Two of Richard Bachman’s novellas that I particularly enjoyed were The Long Walk and The Running Man, both set in a dystopian future and involving sadistic state-sponsored game shows. Do you even need to be told that, apart from the title and an incredibly loose association with the plot, the movie adaptation had virtually nothing to do with the book? The novella was a dark, gritty tale of a man running for his life to raise money for his dying child (and ended with a September 11th-type plane crash into a skyscraper). The movie… well, it’s Arnold Schwartzenegger enjoying the life as a human piñata, playing the fall guy for Family Feud’s Richard Dawson.

Nothing screams “Hey! I was made in the 80’s!” like spandex, cassettes akimbo and the future envisioned with advanced neon lighting technology. Nothing screams “dated” more, either. The Running Man is supposed to be set in a future racked with fuel, oil, electricity, lip gloss and chuihuahua shortages, but this is just about the most happy, colorful dystopia I’ve ever seen. In fact, if it wasn’t for the scrolling text informing me of this dire future, I’d have assumed that it was a documentary of the life and times of modern Philadelphia’s scrappy east siders.

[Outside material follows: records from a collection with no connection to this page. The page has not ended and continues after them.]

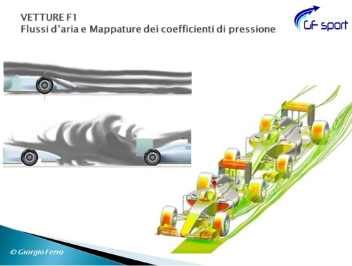 Quindi, in sintesi, man mano che si avvicina, la vettura che insegue vede variare sempre più sostanzialmente la sua guidabilità. E di fatto, non può più percorrere le curve con la stessa efficacia di quando correva in aria libera. E quindi vede pregiudicate anche le possibilità di “lancio” nel rettilineo seguente, alla fine del quale avrebbe potuto giocarsi le chance di sorpasso. Nonostante quindi le regole sportive dopo il 2011 consentano a chi segue di giocarsi anche il jolly del DRS, ovvero di guadagnare ulteriormente in termini di resistenza, le capacità di sorpasso sono ampiamente compromesse dalla penalizzazione aerodinamica.
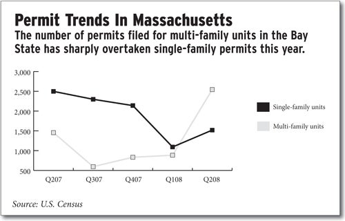 Yet in the second quarter of 2008, building permits issued for multi-family homes in Massachusetts rose 75 percent, according to census numbers.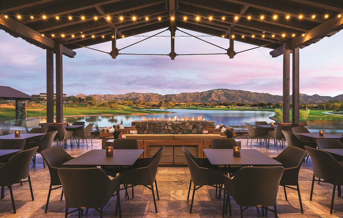 The restaurant seats 126 indoors and 40 outside with its scenic views of the Santa Catalina Mountains and SaddleBrooke golf course. The interior features a U-shaped bar, wood beams, and a stone fireplace for a warm vibe.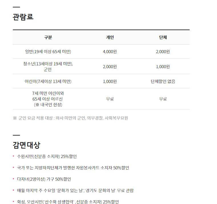 자세한 관람료 및 할인 방법은 아래 표를 참고하세요.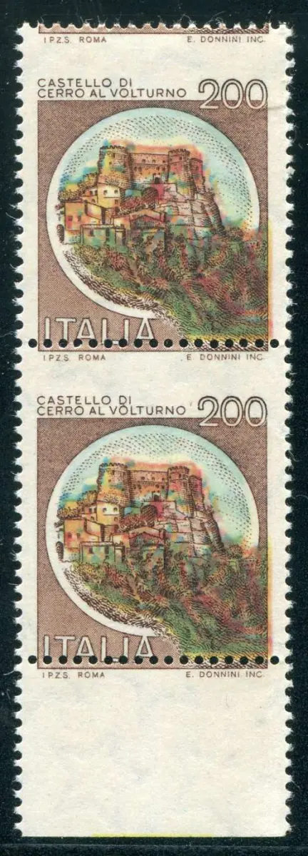 Castelli Lire 200 Sortenpaar I.P.Z.S. - Rom oben statt unten Vollgummi - Castelli Lire 200 Nr. 1516 vertikales Paar b. von f. unten mit stark verschobener horizontaler Verzahnung - die Aufschrift I.P.Z.S. - Rom oben statt unten - wertvolle Sorte für diesen Rechenwert Code 596/11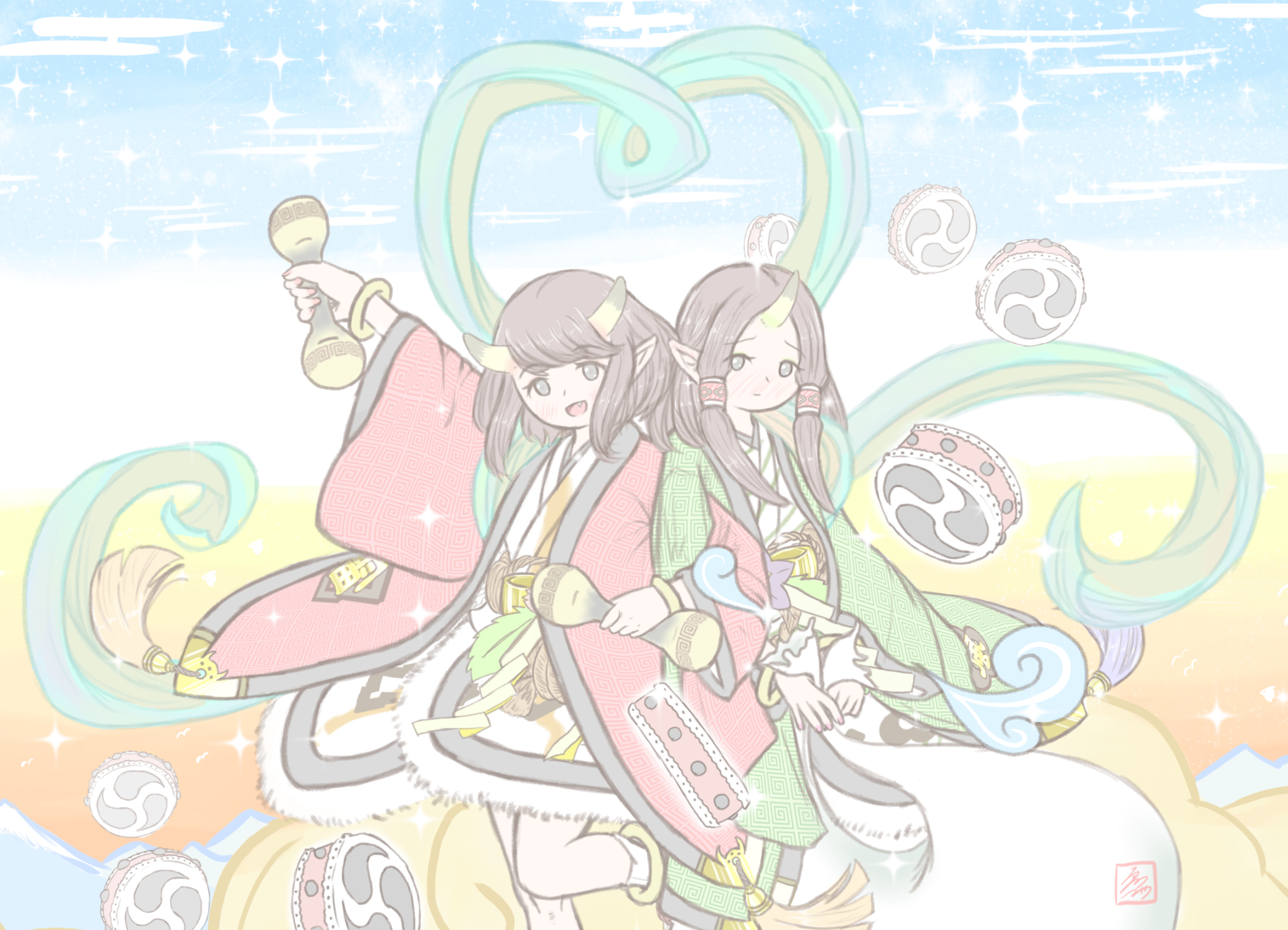 <雷太鼓で舞うのが大好きなアウトドア雷神> さーさーかみなりかみなりー! あっちは晴れてるけどいったれー! ドーン! ドーン! <さっさと帰って動画みたりゲームしたいインドア風神> ねー……お仕事終わったんなら帰ろうよー ねー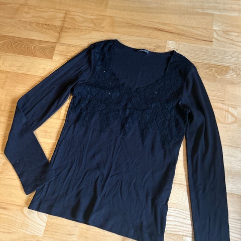 Sort pen topp med perler fra ZORBE. Str. S. 95% viscose, 5% elastan. Røyk- og dyrefritt. Kun prøvd. Som ny. Selger Kr.199,-. Pris er satt.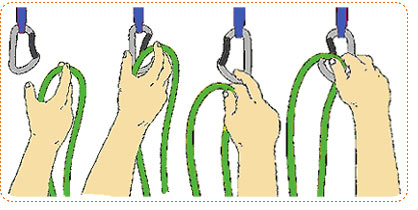 Для вщелкивания веревки в карабин рекомендуется следующий прием. Веревку вытягивают вверх (при этом ее придерживают, зажимая в зубах — это не очень удобно, да и небезопасно для зубов, но ничего лучшего не придумано). Если можно не зажимать в зубах — лучше не зажимать. Потом веревку перехватывают рукой и приемом, указанным на рисунке, вщелкивают ее в карабин.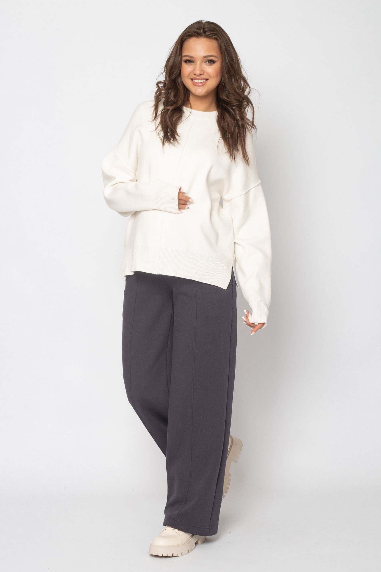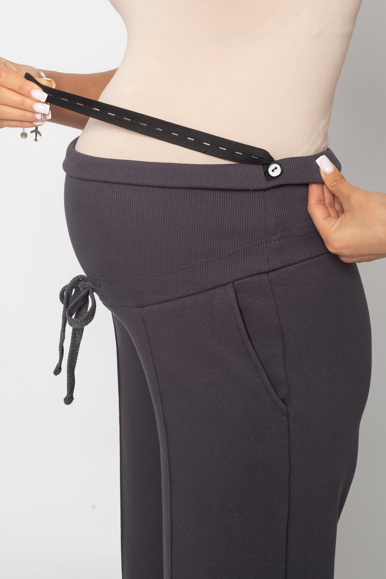 Брюки для беременных теплые выполнены из футера с еврофлисом. Состав: 60% Хлопок 35% Полиэстер 5% Лайкра. Стильные повседневные брюки имеют высокий эластичный пояс бандаж, он мягко и деликатно поддерживает растущий животик. Объем вставки под живот регулируется шнурками в поясе и перфорированной резинкой, которая перестегивается на пуговицу, что позволяет носить флисовые штаны от начала до конца беременности и после родов. Свободный крой палаццо, боковые карманы и стрелки спереди делают штаны любимой вещью в базовом гардеробе беременной женщины. Широкие брюки свободно сидят на бедрах, позволяя коже дышать и обеспечивая максимальный комфорт в течение всего дня. Удобные трикотажные брюки для будущей мамы подойдут на осень и демисезон, согреют зимой в непогоду. Размерная линейка укомплектована полностью и включает большие размеры. Теплые плотные штаны станут отличным дополнением вашего гардероба и помогут вам оставаться стильной, сохраняя комфорт в течение всей беременности.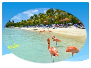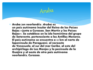 Aruba es una isla autónoma del Reino de los Países Bajos ubicada en el mar Caribe. Su economía depende principalmente del turismo, atraído por playas de arena blanca. El idioma oficial es el papiamento aunque también se habla neerlandés. El clima es tropical marítimo con temperaturas cálidas todo el año.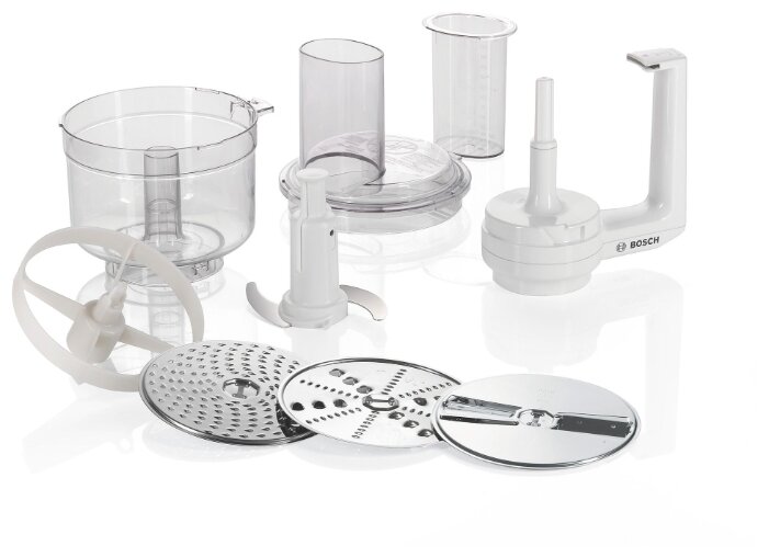В комплект поставки входят емкость для смешивания, нож-крыльчатка, терка для сыра, двусторонний диск-терка и аналогичный диск-шинковка.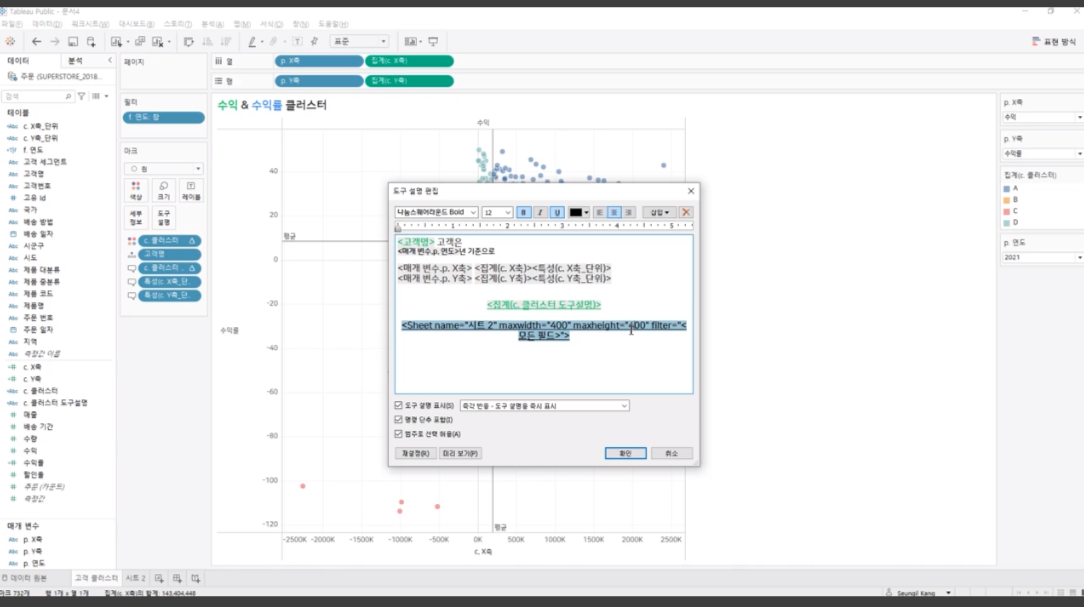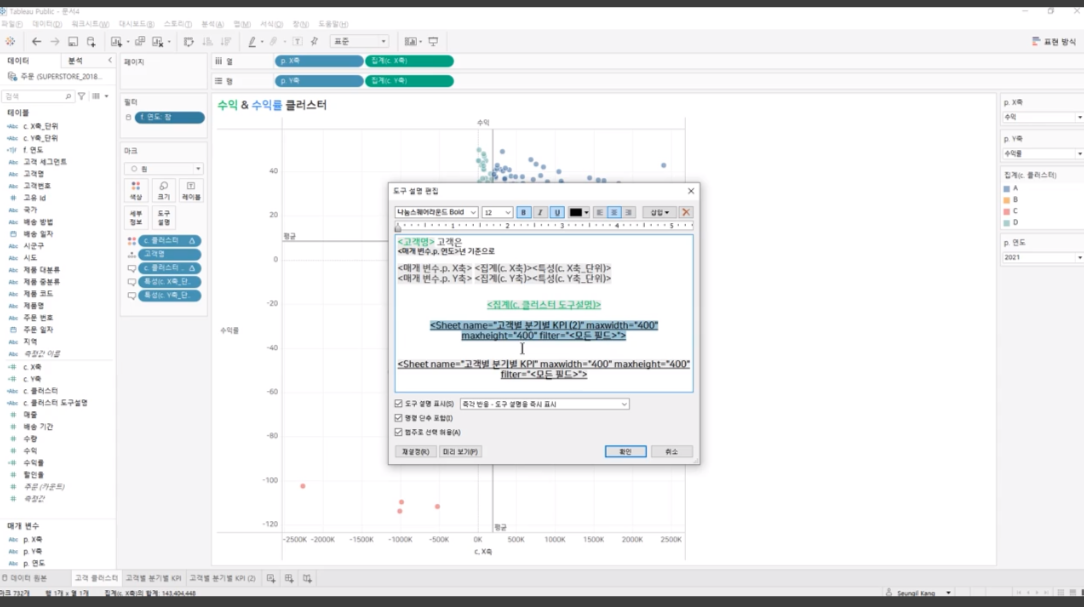 마찬가지로 고객 클러스터의 도구 설명에 가서 방금 만든 워크시트를 삽입한다.

Schwartzenegger is Ben Richards, an ex-police grunt who takes the fall for a massacre, and as punishment must participate in the world’s most popular (and deadly) game show: The Running Man. In it, Richards dresses up like a banana – a slippery opponent, he muses, will often be potassium deficient as well. When his brute strength and cunning wit fails to deter his enemies, you can count on this shambling mound of muscles to break out one of his verbal chestnuts. “Here’s Subzero!” he yells, pauses, then thinks furiously. “Now… PLAIN zero!” English majors everywhere throw up their hands and walk out of universities, having gazed upon a master of linguistic skill that will never be surpassed.

Richards and associated cannon fodder jog through crumbling set after crumbling set, until a one-note “Stalker” catches up with them and a surprisingly pristine battle ensues. There’s the hockey stick-wielding sumo Stalker, the chainsaw Stalker, the flamethrower Stalker, and Hello Kitty. Not quite sure how that mutated cat got in with the rest, but I wouldn’t count her out. She’s lethal.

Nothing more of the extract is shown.